A ZnSe substrate having a thickness of 3 mm and a thickness of 3 mm is prepared, a ThF ₄ thin film having a thickness of 1.04 μm is deposited on the substrate according to a known conventional method, and then a ZF having a thickness of 0.23 μm is deposited on the ThF ₄ thin film.
An nSe thin film was deposited.

As a result, as shown in FIG.
The ThF ₄ thin film 22 and the ZnSe thin film 23 are formed on the substrate 21.
By laminating, an optical window having a surface coated with a conventional antireflection film was obtained.

The absorptance of light in the optical windows obtained in Examples and Comparative Examples was measured by the calorimetry method.

As a result, the optical window obtained in the comparative example had a light absorptance of about 0.20%. On the other hand, in the optical windows obtained in the examples, the light absorptance was a value of about 0.13%.

As is apparent from these results, it was shown that the use of the antireflection film according to this example can reduce the light absorption rate to about 2/3 of that of the conventional antireflection film.

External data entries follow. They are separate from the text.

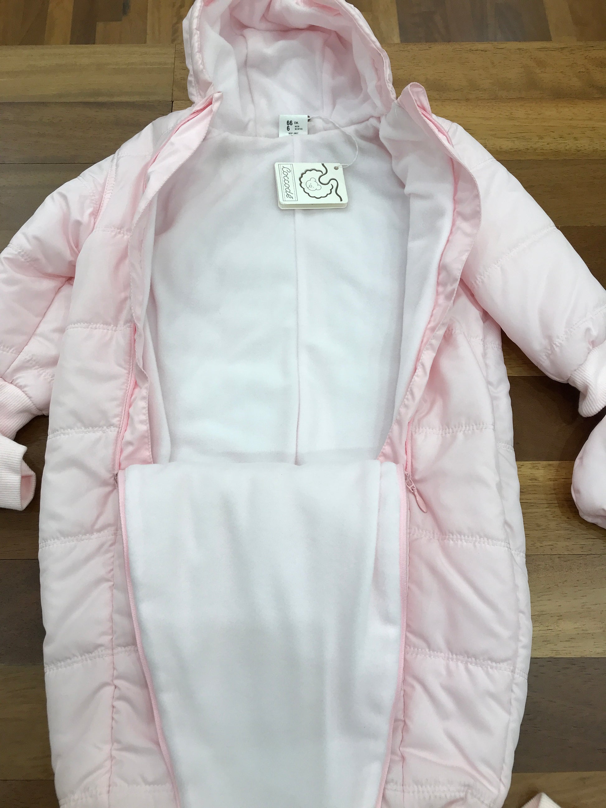 Tuta impermeabile Eskimo in rosa con cappuccio integrato, ideale per proteggere i più piccoli dalle intemperie. Dotata di piedini e guantini staccabili per adattarsi alle diverse esigenze stagionali, garantisce praticità e versatilità. La chiusura frontale facilita l'indossamento e lo svestimento, mentre la struttura robusta assicura comfort e protezione duratura durante le attività all'aperto.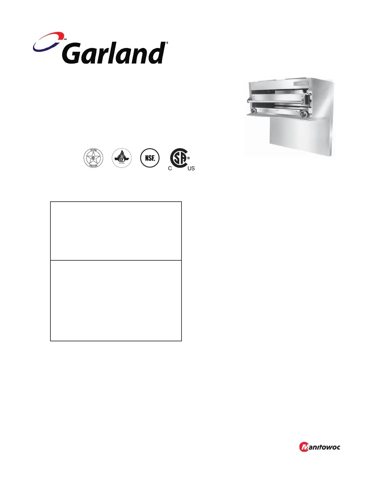 Users are cautioned that maintenance and repairs must be performed by a Garland authorized service agent using genuine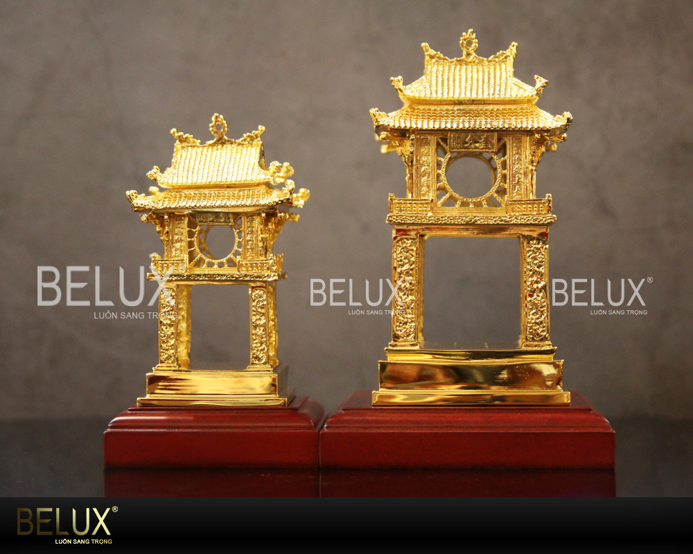 | 3. Mô Hình Khuê Văn Các bằng đồng Nếu tranh mang tính trang trí thì mô hình Khuê Văn Các lại tái hiện lại biểu tượng một cách chân thực và sống động nhất. Mẫu mô hình này tại Belux được đúc từ đồng vàng, tái hiện lại kiến trúc mái cong, ô cửa sổ hình mặt trời một cách chi tiết, sắc nét
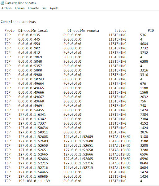 Se crea un archivos Datos.txt donde observares las conexiones activas.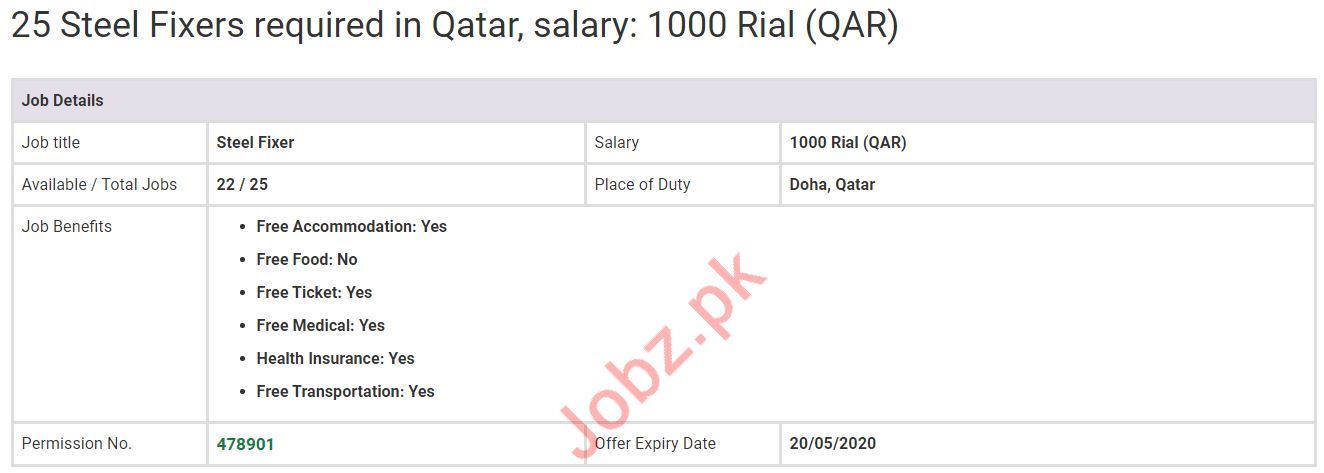 A well established Qatar based company is looking for Steel Fixer in Doha Qatar through Adnan Malik Enterprises overseas employment promoters. Free Accommodation, Free Food, Free Ticket, Free Medical, Health Insurance, Free Transportation are provided by the company.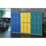 Метален гардероб с 6 метални врати. Всяка едно отделение има по един рафт. Има възможност за заключване – уникално за всяка врата.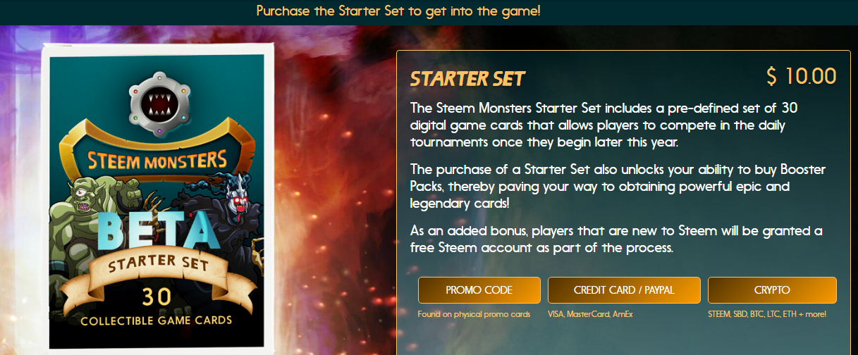 Ok, ora, entrati nella pagina, dovrete acquistare il mazzo base. Il suo costo è di 10 USD. Dollari? Ma non eravamo sulla blockchain di Steem? Se vi siete posti questa domanda, la risposta è presto detta. Gli acquisti possono essere fatti sia con le principali criptovalute, ma anche con paypal o carte di credito! Quindi anche i propri amici che non sono nel mondo delle crypto possono acquistare il mazzo base (obbligatorio) e i pacchetti che costano 2 USD cad.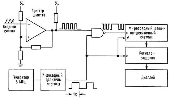 Рис. 15.25. Схема измерения частоты с помощью счетчика.

In order to compare the antireflection function, the transmission spectrum in the infrared region was examined using the optical windows obtained in the examples and the comparative examples. The results are shown in FIGS. 2 and 5. In the graphs shown in FIGS. 2 and 5,
The vertical axis shows the light transmittance (%), and the horizontal axis shows the wavelength of light (μ
m).

From the results of FIG. 2 and FIG. 5, the antireflection film obtained in the example shows a high transmittance close to 100% in the infrared region (wavelength around 10 μm) like the conventional antireflection film. Therefore, it was confirmed that the antireflection function is kept high.

[0042]

When the antireflection film according to the present invention is used, the absorptance of the optical component can be suppressed to a lower level than when the conventional antireflection film is used. Therefore, by using an optical component such as a lens, a window, or the like, the surface of which is coated with the antireflection film according to the present invention, it is possible to suppress variations in characteristics due to temperature changes due to absorption of laser light,
Precision processing with higher dimensional accuracy is possible.

Further, since the characteristic deterioration of the optical parts can be suppressed to a small level, the life of expensive optical parts can be extended.

[Brief description of drawings]

FIG. 1 is a cross-sectional view showing a structure of an antireflection film according to an embodiment of the present invention.

FIG. 2 is a diagram showing an infrared transmission spectrum of a ZnSe window coated with an antireflection film according to an example of the present invention.

FIG. 3 is a schematic diagram showing a basic configuration of a conventional infrared laser processing machine.

FIG. 4 is a cross-sectional view showing a structure of a conventional antireflection film.

FIG. 5: ZnSe coated with a conventional antireflection film
It is a figure which shows the infrared transmission spectrum of a window.

[Explanation of symbols]

 1 ZnSe Substrate 2 PbTe Thin Film 3 ZnSe Thin Film In the drawings, the same reference numerals indicate the same or corresponding parts.

Claims (1)

[Claims] 1. An antireflection film used for an optical component of an infrared laser device, which is formed on a base material made of at least one of ZnSe and ZnS, and formed on the base material. And a first layer made of at least one of PbTe and CdTe, and ZnSe and ZnS formed on the first layer.
An antireflection film for infrared laser, comprising a second layer made of at least one of the above.